I’m in the (apparently pretty common) boat of having one of these beasts and debating whether to just leave the 8GB that shipped with it sitting on the desk. My starting point was
this set of BareFeats tests. Essentially if you have dual channel with either two (properly placed)
or four identical sticks, you get about 23GB/s. If you have mismatched dual-channel (properly placed but differently-sized sticks), you get about 19GB/s. If you install four sticks in the wrong order so you’re in single channel but have both banks available, you get about 13GB/s. Wrong order (single channel) with only two sticks is even lower, down around 10-12GB/s depending on brand.

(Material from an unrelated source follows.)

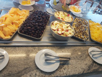 Ресторан: вместительный, нет очередей даже летом, всем хватает места и столиков. Чистенько везде. На столе всегда чистейшая скатерть и тканевые накрахмаленные салфетки по количеству гостей, но простые бумажные салфетки только по 1 шт на человека и только за завтраком, больше вы их не увидите (я брала с собой из номера). Выбор еды просто отличный, правда, присоединяюсь ко всем предыдущим отзывам! На вечер каждый раз что-то новое. На завтраке омлет или яичницу делают при вас на ваш выбор начинок, причем быстро, очередь не образуется, овощи, выпечка ооочень вкусная, отварные яйца, колбасы, различные виды сыров, дыня постоянно, свежий финики, инжир, консервированные персики и ананасы, молоко и неск. видов хлопьев, и т.д. Каши (и супы) они, конечно, готовить не умеют)). На обед и ужин правда выбор достойный, и для меня главное вкус еды, мяса, нет кучи однотипных специй как в Турции. И рыба есть и креветки периодически, кальмары, курица в различных вариантах, утка, и что нам очень зашло всем- так это люля на гриле, они прям идеальные, иногда в виде котлет! Закусок различных и других блюд тоже хватает. Напитки алкогольные в баре различные, плюс кофе машины, чай, кола, спрайт, разведенные соки как обычно, в целом есть все. На ужин в левом дальнем углу каждый вечер готовят какую-нибудь необычную сладость при вас же, например, был пудинг, который слоями, с добавлением фруктов и других начинок, сформировали при мне и подожгли кулинарной горелкой, это была прям вау вкусняха)) там же рядом мороженое, вкусное очень Орео и шоколадное, а также здесь сразу иногда нарезают арбуз или ананас на ужин! Пасту тоже готовят при вас. Видов сыров также много, даже с плесенью, типа дор-блю. Подается все очень красиво! Но мороженое у бассейна безвкусное.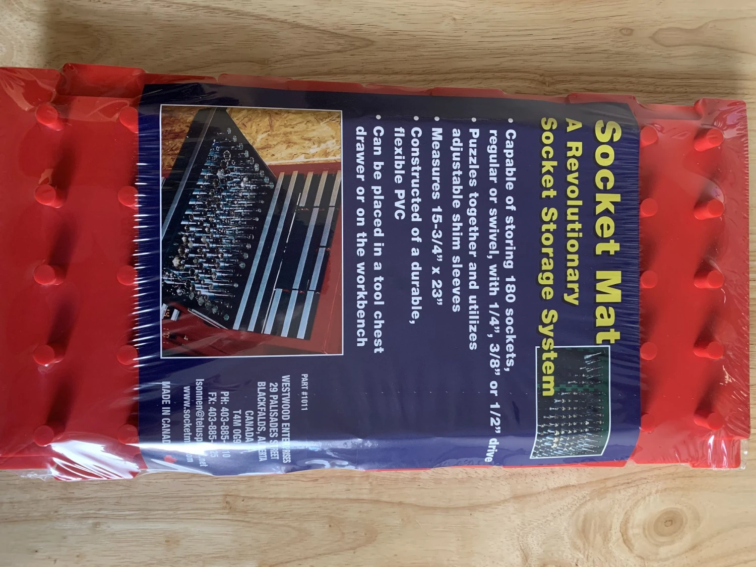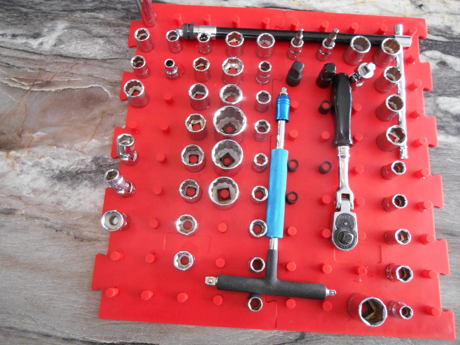 Storage system capable of storing 150 sockets, regular or swivel, with 3/8″ or 1/2″ driven end. Measures 15-3/4″ x 23″ and can be placed in a tool chest or on the workbench.

So obviously matched sticks are best, but you take a
much bigger hit from running single channel than mismatched dual-channel; ~20% vs ~45%.
There is no practical situation where 72GB in single channel (or at lower clock speed) would be better than 64GB in dual channel. Maybe one could artificially contrive some such situation to prove a point, but not in realistic use.
I’m curious about the lower clock speed claims; I haven’t tested yet, but the 8GB stock RAM I pulled says 2666 right on it, so it seems like it shouldn’t reduce the bus speed, and the Barefeats test linked above shows essentially the same performance with 4-32-4-32 as with 3rd party (all 2666) 16-32-16-32.
In any case, it seems pretty obvious that unless your use case involves needing exactly 70GB of physical RAM to avoid swapping you will on average come out ahead nearly all the time with the faster 64GB, but I guess I’m still left wondering, from a speculative standpoint, how much real-world impact a 20% hit in RAM throughput will
really have in day-to-day “general prosumer” computing.